*Task requirements*. Repeat the data below exactly, dropping any pictures it holds.

+++++

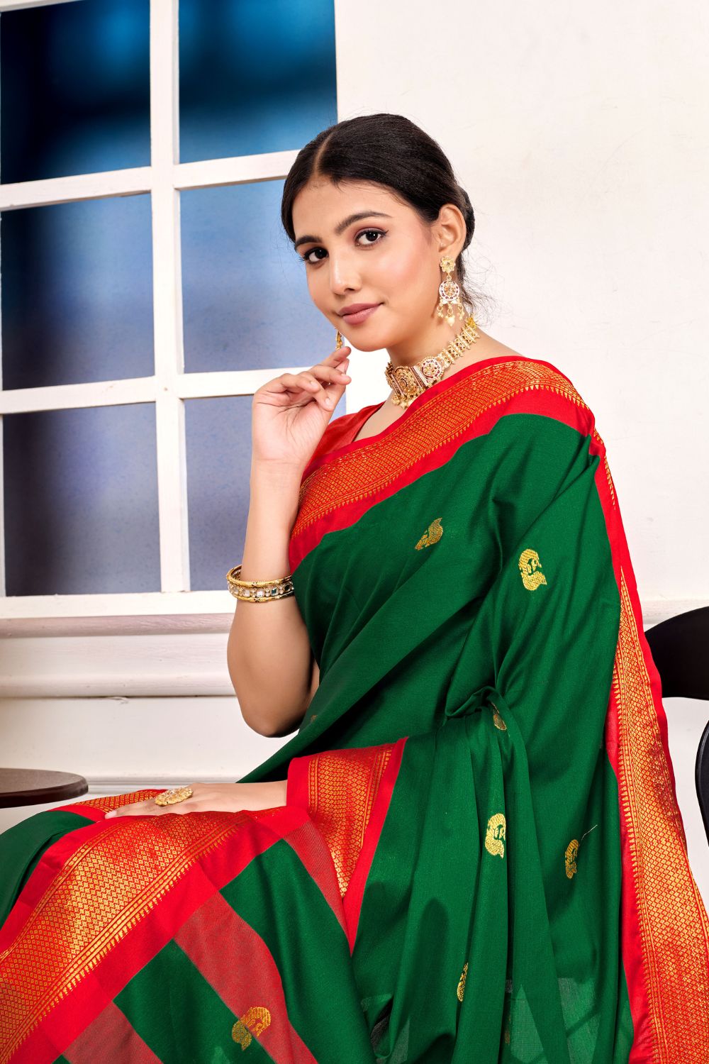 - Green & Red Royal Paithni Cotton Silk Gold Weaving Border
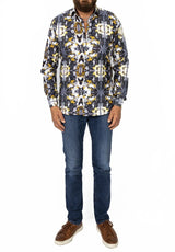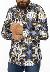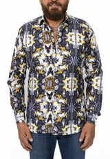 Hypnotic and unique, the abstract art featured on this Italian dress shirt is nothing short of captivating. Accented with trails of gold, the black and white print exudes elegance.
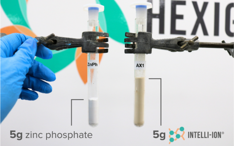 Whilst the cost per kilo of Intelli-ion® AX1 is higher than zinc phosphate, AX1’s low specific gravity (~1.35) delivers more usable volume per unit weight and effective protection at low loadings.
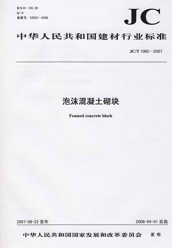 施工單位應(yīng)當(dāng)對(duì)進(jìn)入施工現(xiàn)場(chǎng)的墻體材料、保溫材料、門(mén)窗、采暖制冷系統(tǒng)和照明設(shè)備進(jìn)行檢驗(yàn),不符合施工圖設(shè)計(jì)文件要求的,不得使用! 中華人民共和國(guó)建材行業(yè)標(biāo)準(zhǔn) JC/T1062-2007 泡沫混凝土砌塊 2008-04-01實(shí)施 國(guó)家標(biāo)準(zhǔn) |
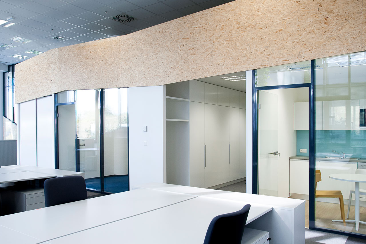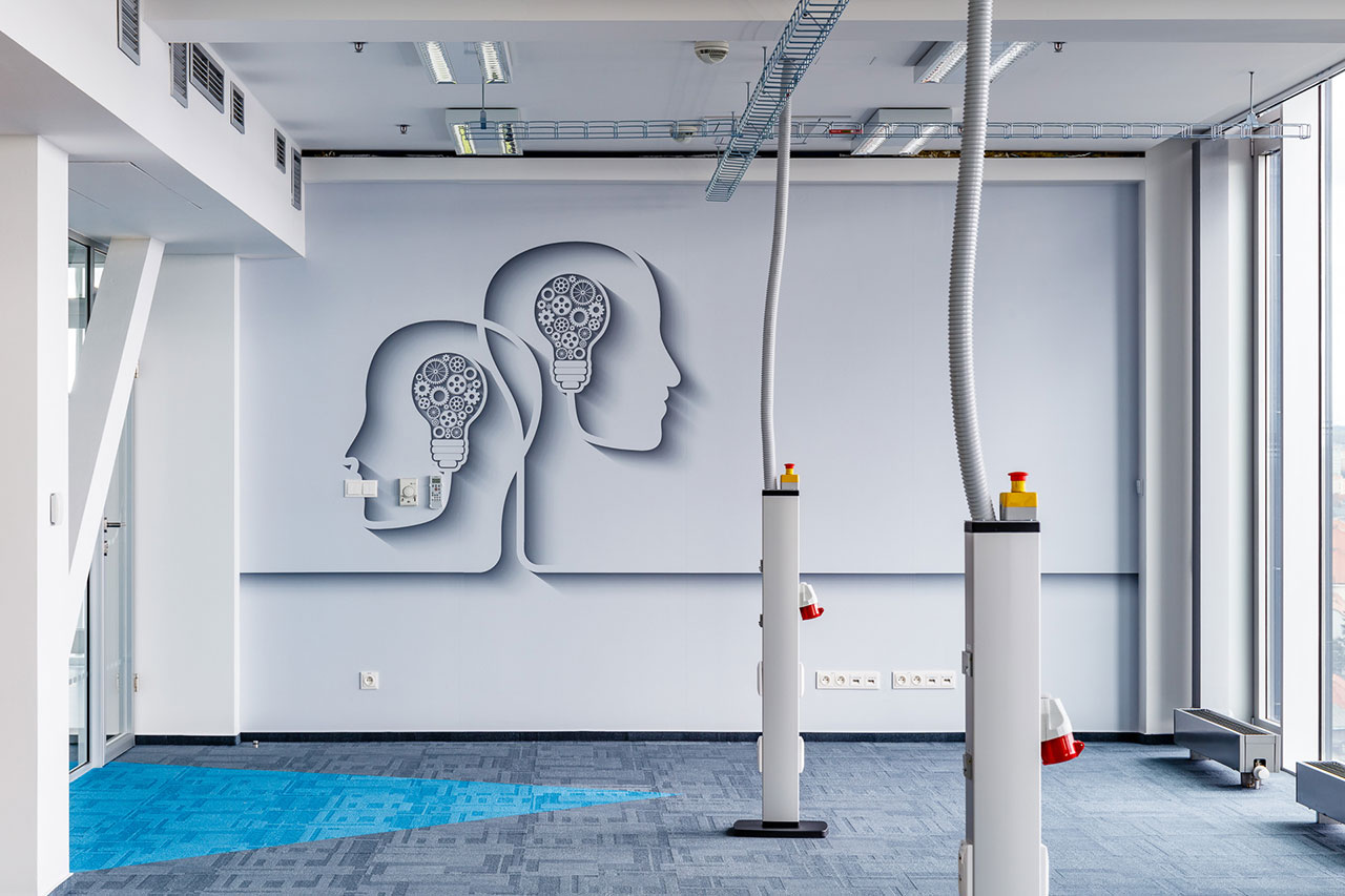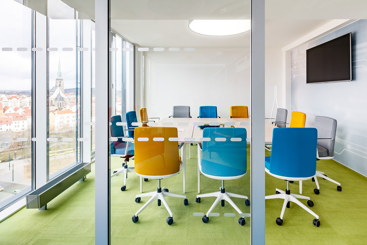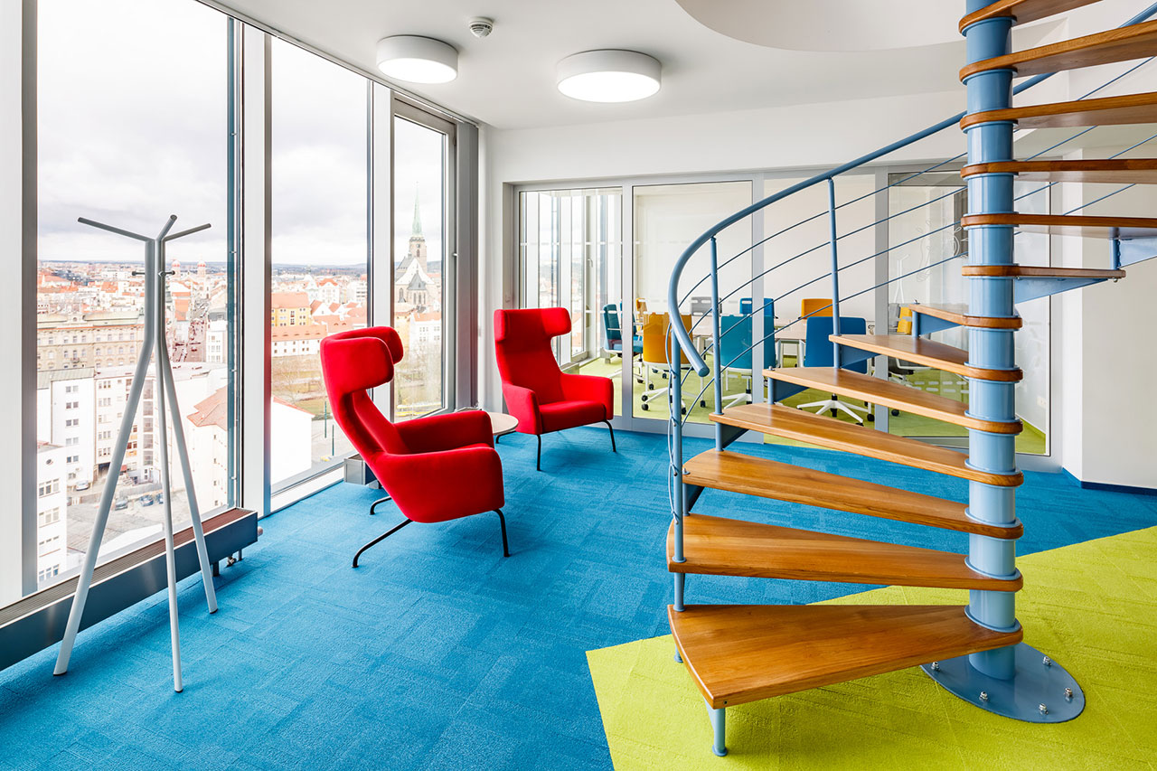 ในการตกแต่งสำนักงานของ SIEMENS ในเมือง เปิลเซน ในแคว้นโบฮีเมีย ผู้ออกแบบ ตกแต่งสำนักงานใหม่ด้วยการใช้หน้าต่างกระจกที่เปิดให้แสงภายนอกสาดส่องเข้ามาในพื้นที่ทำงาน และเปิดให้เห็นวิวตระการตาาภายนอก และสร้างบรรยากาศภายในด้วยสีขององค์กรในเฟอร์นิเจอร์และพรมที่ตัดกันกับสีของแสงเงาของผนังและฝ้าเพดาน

+++++

*Finished exercise*.
 - Green & Red Royal Paithni Cotton Silk Gold Weaving Border
 Hypnotic and unique, the abstract art featured on this Italian dress shirt is nothing short of captivating. Accented with trails of gold, the black and white print exudes elegance.
 Whilst the cost per kilo of Intelli-ion® AX1 is higher than zinc phosphate, AX1’s low specific gravity (~1.35) delivers more usable volume per unit weight and effective protection at low loadings.
 施工單位應(yīng)當(dāng)對(duì)進(jìn)入施工現(xiàn)場(chǎng)的墻體材料、保溫材料、門(mén)窗、采暖制冷系統(tǒng)和照明設(shè)備進(jìn)行檢驗(yàn),不符合施工圖設(shè)計(jì)文件要求的,不得使用! 中華人民共和國(guó)建材行業(yè)標(biāo)準(zhǔn) JC/T1062-2007 泡沫混凝土砌塊 2008-04-01實(shí)施 國(guó)家標(biāo)準(zhǔn) |
 ในการตกแต่งสำนักงานของ SIEMENS ในเมือง เปิลเซน ในแคว้นโบฮีเมีย ผู้ออกแบบ ตกแต่งสำนักงานใหม่ด้วยการใช้หน้าต่างกระจกที่เปิดให้แสงภายนอกสาดส่องเข้ามาในพื้นที่ทำงาน และเปิดให้เห็นวิวตระการตาาภายนอก และสร้างบรรยากาศภายในด้วยสีขององค์กรในเฟอร์นิเจอร์และพรมที่ตัดกันกับสีของแสงเงาของผนังและฝ้าเพดาน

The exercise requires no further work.